According to Capt. Matthew Friedell, AM project officer in MCSC’s Operations and Programs/G-3, this kind of undertaking was a first: “People have printed buildings and large structures, but they haven’t done it onsite and all at once. This is the first-in-the-world, onsite continuous concrete print.”

3D-Printed Barracks

Beginning with a computer-aided design model, the team used the 3D printer over the next day and a half to create the barracks. The printer also had to be consistently monitored and refilled with concrete; though, according to Friedell, if a robot were present to take care of the concrete, the project would only have taken a day.

United States Marine Corps

Earlier this month, the Additive Manufacturing Team at Marine Corps Systems Command, working in collaboration with Marines from the I Marine Expeditionary Force, used a 3D printer to create the a 500-square-foot barracks hut in 40 hours.

“In active or simulated combat environments, we don’t want Marines out there swinging hammers and holding plywood up,” said Friedell. “Having a concrete printer that can make buildings on demand is a huge advantage for Marines operating down range.”

Normally it takes 10 Marines five days to build a single barracks unit made out of wood. When using the 3D printer, a similar structure could be completed in less than two days. Since the Marines are often the first military service on site after a natural disaster, a 3D printer could be used to quickly create shelter, schools and community buildings to replace what had been destroyed.

“This capability would enable a great partnership with the local community because it is low cost, easy to use and robotics could print the buildings,” Friedell said. “We can bring forward better structures, houses and forward operating bases with less manpower and fewer Marines in harm’s way.”

The AM team plans to carry this research further by conducting additional testing and allowing for more widespread usage among the Marines, which would inform future requirements.


Tagged categories: 3D Printing; Government; Residential Construction; U.S. Army

Comment from David Reynolds, (9/4/2018, 9:05 AM)

This is good news. Thanks! Thinking of later on, adapting the building to civilian uses is an opportunity, of course. But if neither military nor civilian uses continue, 'might want to figure-in recycling for pavement, say, by whoever takes ownership after fighting is over and garrison no longer needed.

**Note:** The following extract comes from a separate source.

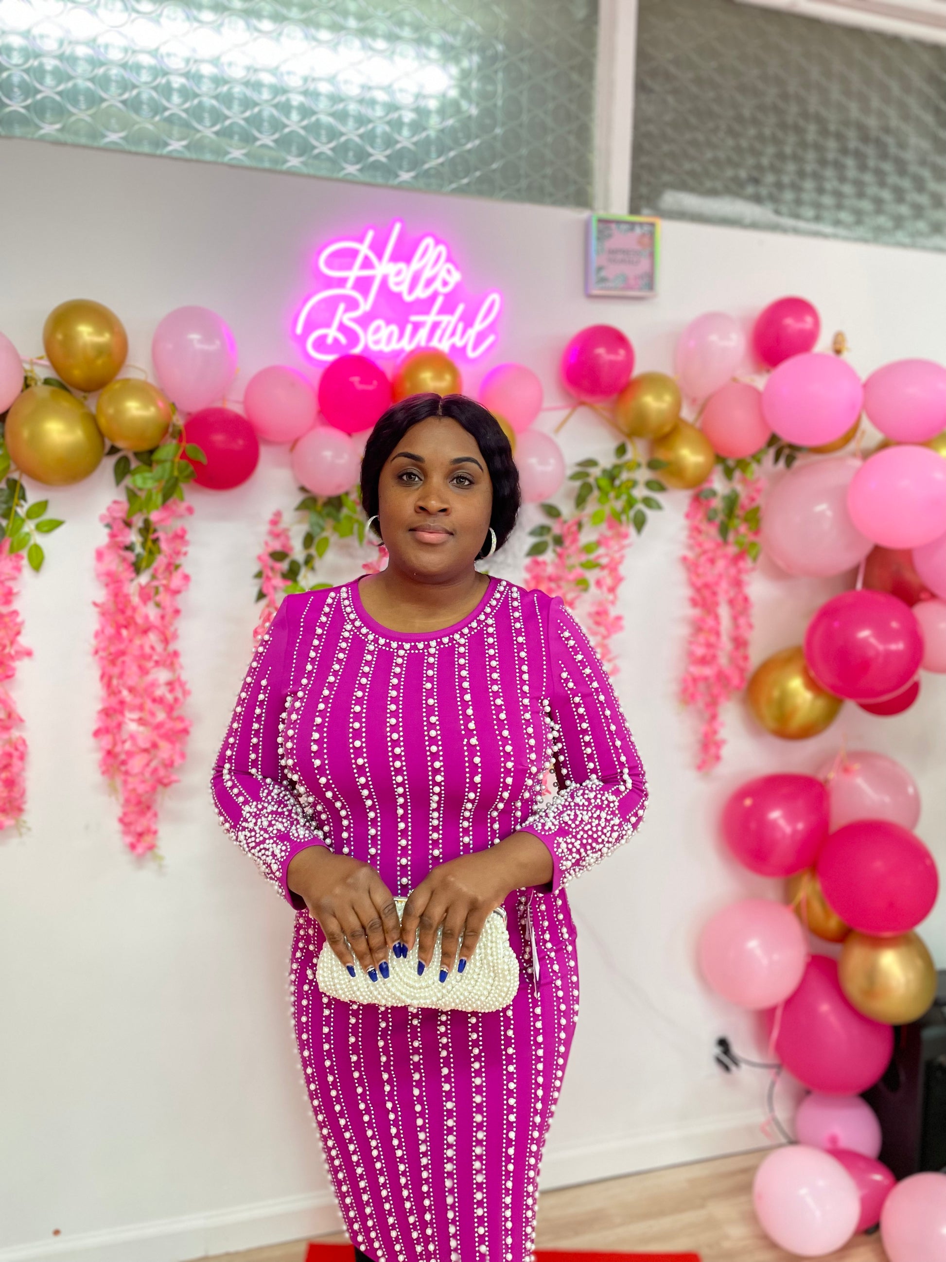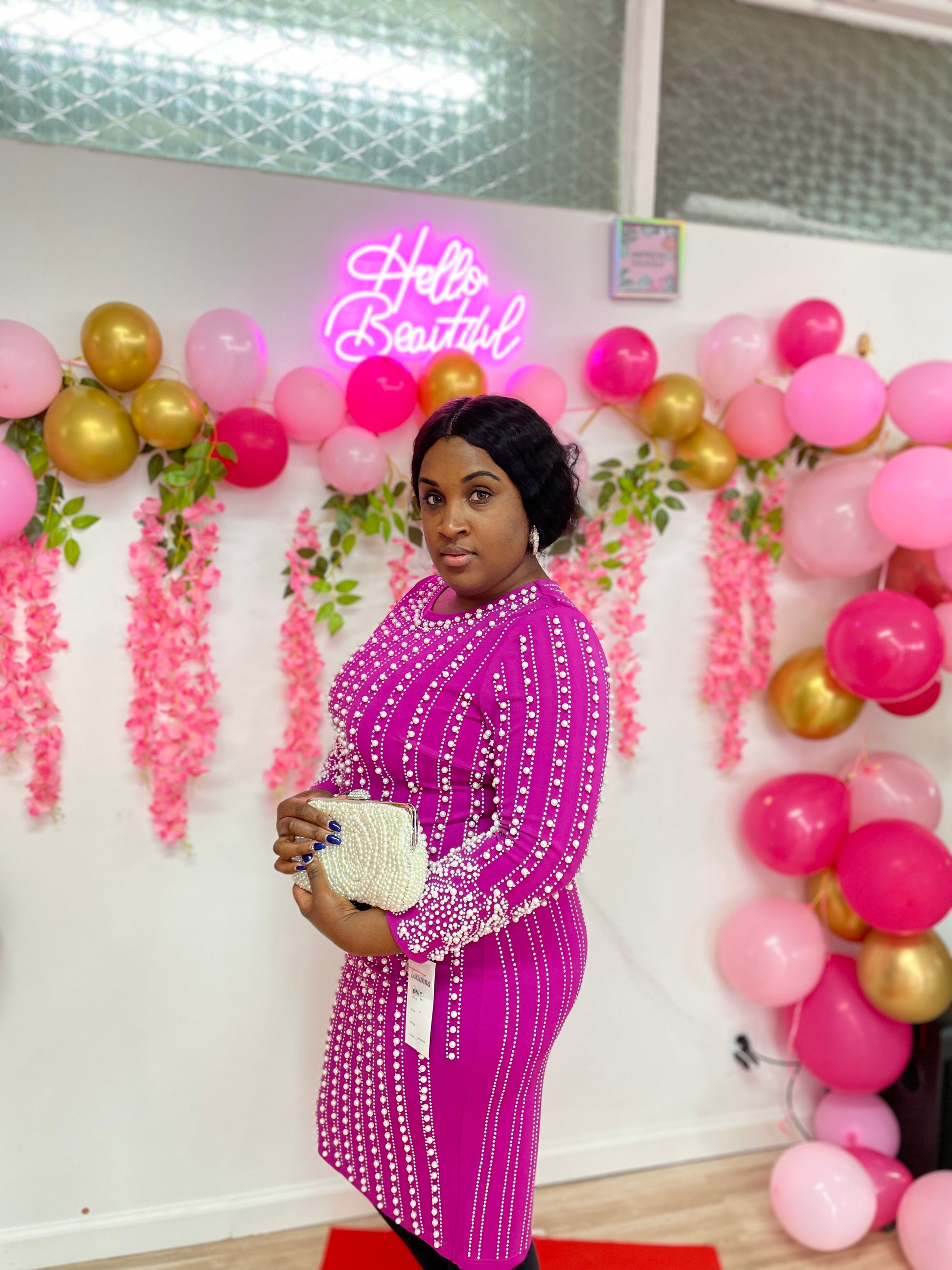 Discover the secret to effortless elegance with this unique cutting edge Fashion forward dress. This dress is made with our finest fabric 95% polyester and 5% spandex, not only is the fabric comfortable but is also stretchable. If you look closely you can see that each pearl is hand-sown and is well tailored to suit your need. This zip closure at the back ensures a perfect fit.This dress is great for weddings, banquet, church, cocktail party, Black tie event you name it.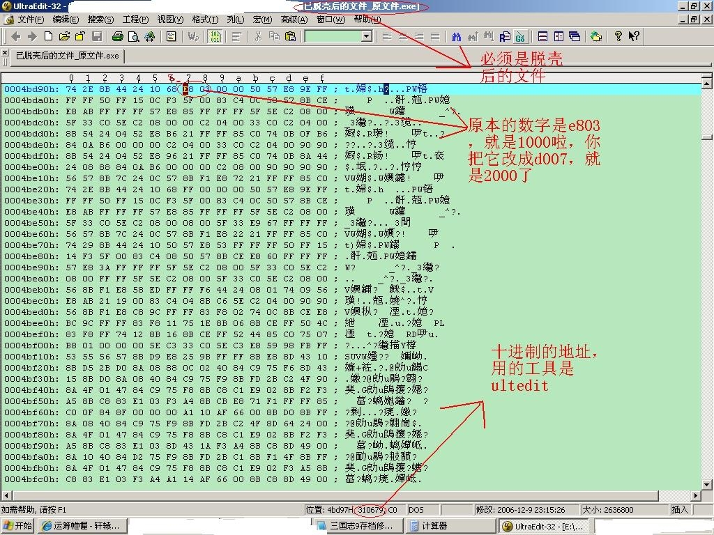可以修改为d007,即2000。你会对我说:什么叫10进制吗?用什么工具修改吗?那么我把修改的方法用色彩和图形的方式发出来,细看上面的3个红色椭圆圈和说明,相信没有人不会弄啦

The very properties that make for safe quarters for Marines probably work against designing for demolition. Maybe another robot opportunity?

Comment from Michael Halliwell, (9/4/2018, 11:11 AM)

David, concrete recycling is definitely a nice "afterwards" thing to have...but for many areas that could see these buildings re-purposed for civilian use afterwards, these could be the most solid buildings in the area for quite some time. As for demolition, I do believe there are a number of additives for concrete 3D printing, but I also believe that they are somewhat limited in terms of reinforcing. Concrete is more secure than 2x4s and plywood (especially when it comes to small arms fire), but I don't see any big demolition issues.